0. [Binary Assets](#Downloading-Binary-Assets)
1. [Required imports](#Imports-&-Constants)
2. [Model Instantiation](#Model-Instantiation)
3. [Data Transformation](#Audio-&-Image-Transforms)
4. Data Loading
    * [Audio](#Audio-Loading)
    * [Images](#Image-Loading)
5. [Preparation of the Input](#Input-Preparation)
6. [Acquisition of the Output](#Obtaining-Embeddings)
7. [Normalization of Embeddings](#Normalization-of-Embeddings)
8. [Calculation of Logit Scales](#Obtaining-Logit-Scales)
9. [Computation of Similarities](#Computing-Similarities)
10. Performing Tasks
    1. [Classification](#Classification)
        1. [Audio](#Audio)
        2. [Images](#Images)
    2. [Querying](#Querying)
        1. [Audio by Text](#Audio-by-Text)
        2. [Images by Text](#Images-by-Text)
        3. [Audio by Images](#Audio-by-Images)
        4. [Images by Audio](#Images-by-Audio)

## Imports & Constants

In [20]:
import os
import sys
import glob

import librosa
import librosa.display

import simplejpeg
import numpy as np

import torch
import torchvision as tv

import matplotlib.pyplot as plt

from PIL import Image
from IPython.display import Audio, display

sys.path.append(os.path.abspath(f'{os.getcwd()}/..')) # .ipynb 파일이 위치한 경로

from model import AudioCLIP
from utils.transforms import ToTensor1D


torch.set_grad_enabled(False)

MODEL_FILENAME = 'AudioCLIP-Full-Training.pt'
# derived from ESResNeXt
SAMPLE_RATE = 44100
# derived from CLIP
IMAGE_SIZE = 224
IMAGE_MEAN = 0.48145466, 0.4578275, 0.40821073
IMAGE_STD = 0.26862954, 0.26130258, 0.27577711

labels_path = '/home/broiron/Desktop/AudioCLIP/data/label/labels_8.txt' # test를 위한 label
with open(labels_path, 'r') as file:
    labels = [line.strip() for line in file]
# LABELS = ['cat', 'thunderstorm', 'coughing', 'alarm clock', 'car horn'] # audio 개수와 일치하지 않아도 되는건가?, 학습 시에는 맞춰줘야 함(train /val split 때문에)
# print(type(label))

device = "cuda" if torch.cuda.is_available() else "cpu"

## Model Instantiation

In [21]:
aclp = AudioCLIP(pretrained=f'../assets/{MODEL_FILENAME}')

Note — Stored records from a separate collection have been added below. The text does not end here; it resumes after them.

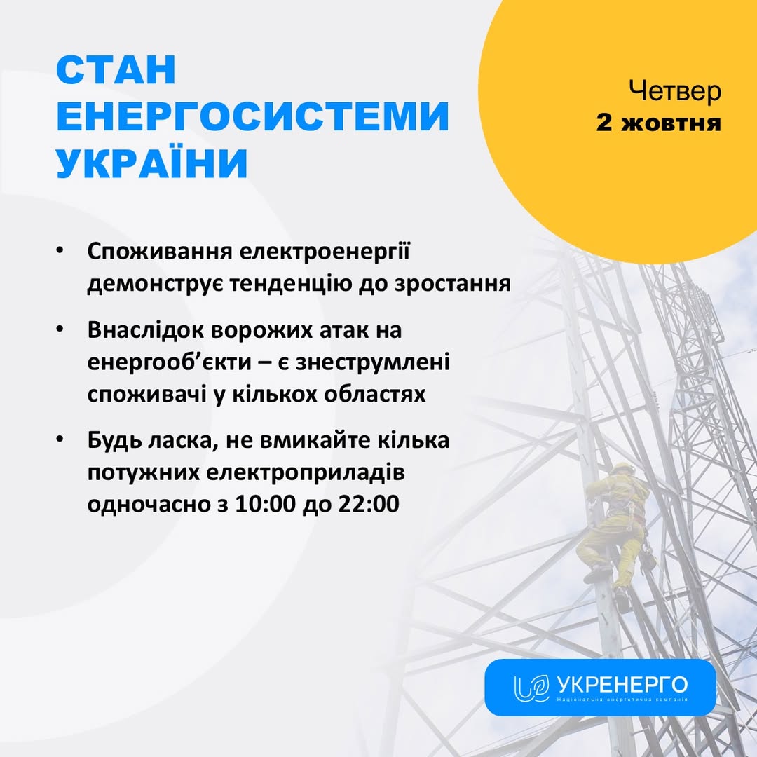Важливо! Ситуація в енергосистемі може змінюватись. Рекомендуємо стежити за актуальними повідомленнями на офіційних сайтах та сторінках у соціальних мережах вашого оператора системи розподілу (обленерго) для отримання найсвіжішої інформації.
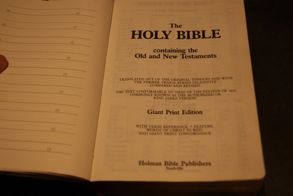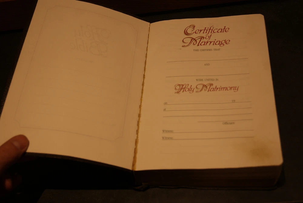 Holy Bible- Giant Print, KJV Reference, Concordance- Red-Letter, Holman 1982 Ed Staining on marriage page, and binding exposed. The Bible is free of any underlines or highlighting - see photos...
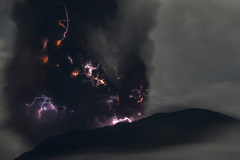 Endonezya'da Kuzey Maluku eyaletindeki Ibu Yanardağı'da patlama meydana geldi. Gökyüzü gri kül bulutları ile kaplanırken yanardağ kraterinin etrafında mor şimşekler çaktı.
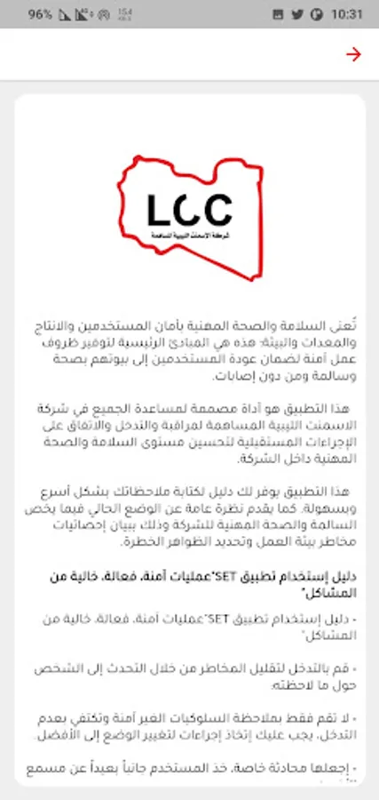 This application is a tool designed to help everyone in the Libyan Cement Joint Stock Company to monitor, intervene and agree on future actions to improve the level of occupational safety and health within the company.
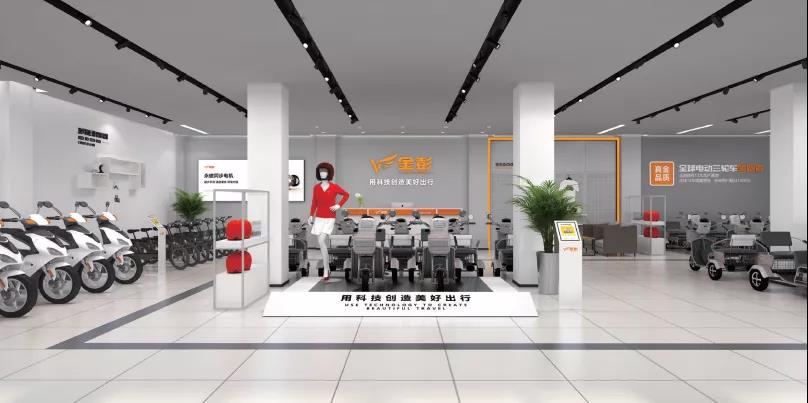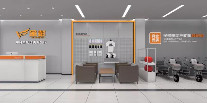 采用分級式門頭展現:1級門頭是醒目的Logo,能夠讓用戶直觀地認知到金彭的品牌;2級門頭“用科技創造美好出行”傳遞金彭長久以來堅持的面向用戶的企業使命;3級門頭“經營品類”提供更明了的銷售品類信息。同時整體采用通透的櫥窗設計,可以一覽店內空間。

## Audio & Image Transforms

In [22]:
audio_transforms = ToTensor1D()

## Audio Loading
Audio samples are drawn from the [ESC-50](https://github.com/karolpiczak/ESC-50) dataset.

In [23]:
paths_to_audio = glob.glob('../data/test_2/*.wav') # audio 파일이 위치한 경로

audio = list()
for path_to_audio in paths_to_audio:
    track, _ = librosa.load(path_to_audio, sr=SAMPLE_RATE, dtype=np.float32)

    # compute spectrograms using trained audio-head (fbsp-layer of ESResNeXt)
    # thus, the actual time-frequency representation will be visualized
    spec = aclp.audio.spectrogram(torch.from_numpy(track.reshape(1, 1, -1)))
    spec = np.ascontiguousarray(spec.numpy()).view(np.complex64)
    pow_spec = 10 * np.log10(np.abs(spec) ** 2 + 1e-18).squeeze()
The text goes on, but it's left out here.